After a 2 inch lift my Def 90 steering was poor. The mechanic fitted castor correction bushes and it was much improved and a kick-back/shudder effect on the clutch pedal when turning the landy off, disappeared.

I am using a double carden prop to avoid vibration - although I am still getting it!

So tell me...

Does the castor correction actually drop the diff nose down towards the ground a bit to counter the fact it was lifted a bit and put the steering out, thereby bringing the steering back on track (pardon the pun).

Normally is the diff nose meant to actually point to just above the transfer box, so that the UJ's at both ends operate at the same angle and therefore do not 'wind' each other up due to differing speeds on each rotation? (the inside of an angled UJ rotation is faster than the outside of an angled UJ rotation, whereas the inside and outside of a non-angled turn rotation are the same speed - combine both on one prop and you get a vibration effect caused by altering speeds at one end - a double carden compensates for the former effect by cancelling the altering speed on a single UJ rotation by using an extra joint). Watch what happens when you try applying the same techniques to a skipping rope!

My castor correction bushes have the diff pointing directly at the t box so that there is no angle on the diff UJ but a big angle at the T box UJ. I can't use ANYTHING but a double carden as I can actually hear the normal prop winding up - not binding - but putting wind-up strain on the T box.

I can't point the T-box at the diff, so I am stuck, unless there is some way to get the diff nose pointing higher again without losing good steering control.
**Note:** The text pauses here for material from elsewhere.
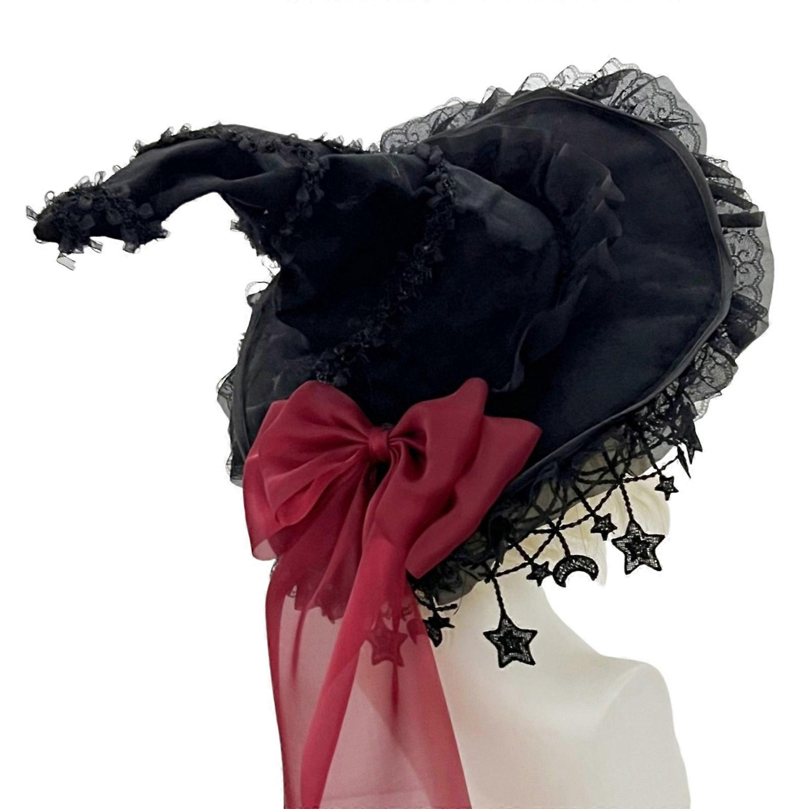 Halloween Witch Hat Bowknot Designs Wizard Caps Large Black Witches Witch Hat for Halloween Party Decor Cosplay Costume Red
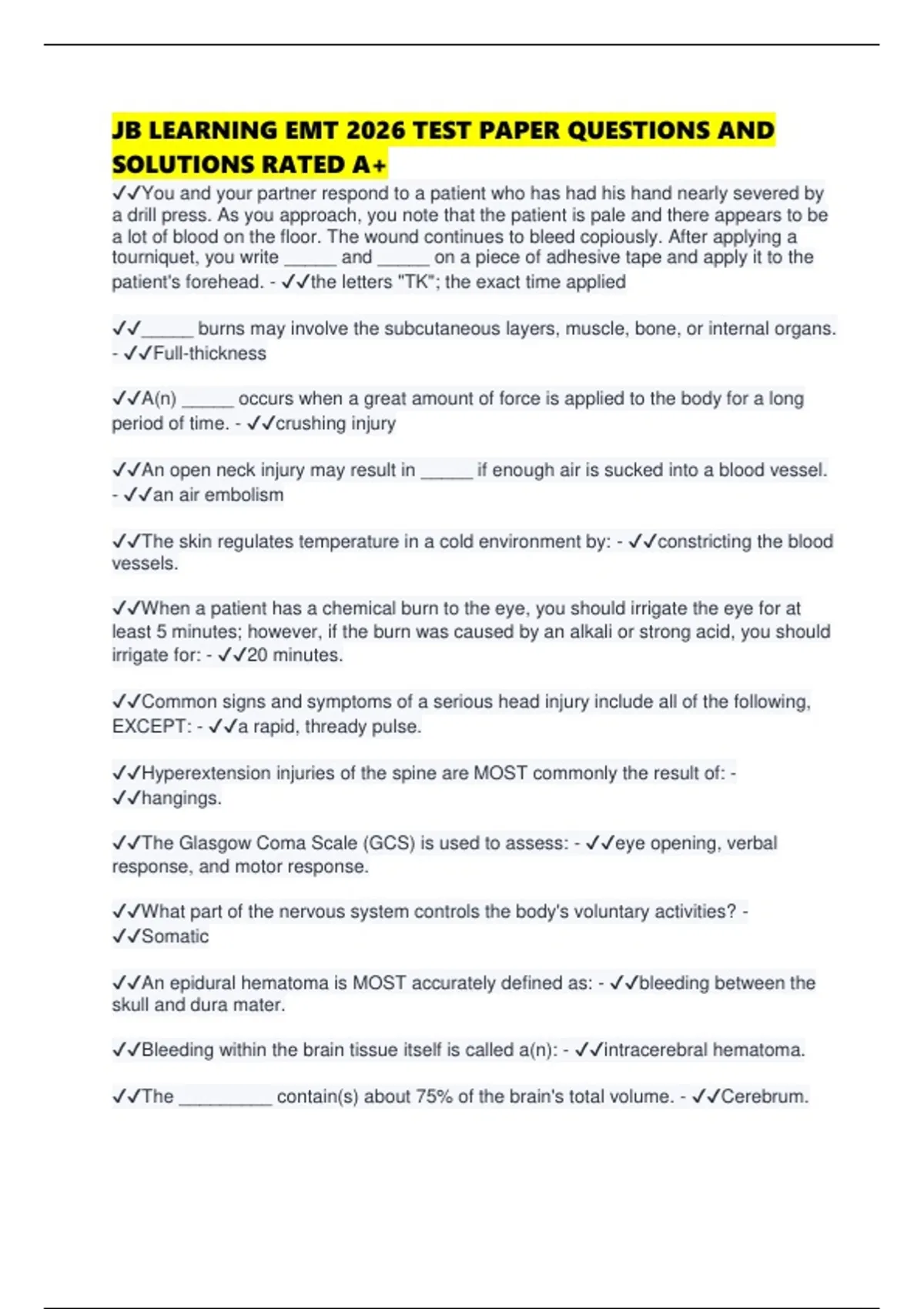 JB LEARNING EMT 2026 TEST PAPER QUESTIONS AND SOLUTIONS RATED A+

Any advice welcome! Thanks.
 
I should also mention I have a big heavy winch bumper on the front. Not sure about the effect of this on the whole matter.
 
you sure diff lock is disengaged? I'm not so sure. Check that you are getting enough throw cos when they installed your gearbox they may have buggered the setup up. This problem has been crazy. Have you changed diffs at all? Some numpty hasn't put a 4.7 ratio one in there by mistake drom a series mota have they?
 
I mean not put one diff in leaving you with 2 different final ratios front to back. You been having serious issues and you have replaced the tranny box and propshafts.
 
Hi Jai - diff lock disengaged - got under the 90 and checked it myself - when diff is on it is right and clunky and can't turn tight circles - none of those probs. But it is so much lighter and smoother with the front prop off in diff lock. Maybe I need to change the front diff anyway - I have a 12 spline defender one ready to go in. I note that there is quite a dent on the front diff housing from when I bought it but the wheels spin freely and it worked fine before the lift but I got a different gearbox and t box fitted at the same time - r380 and 1:22 box.
 
Jai - surely an easy way for me to test that both diffs are the same ratio would be to jack a back wheel and a front wheel - then measure the distance turned by the each diff flange for one full rotation of a tyre?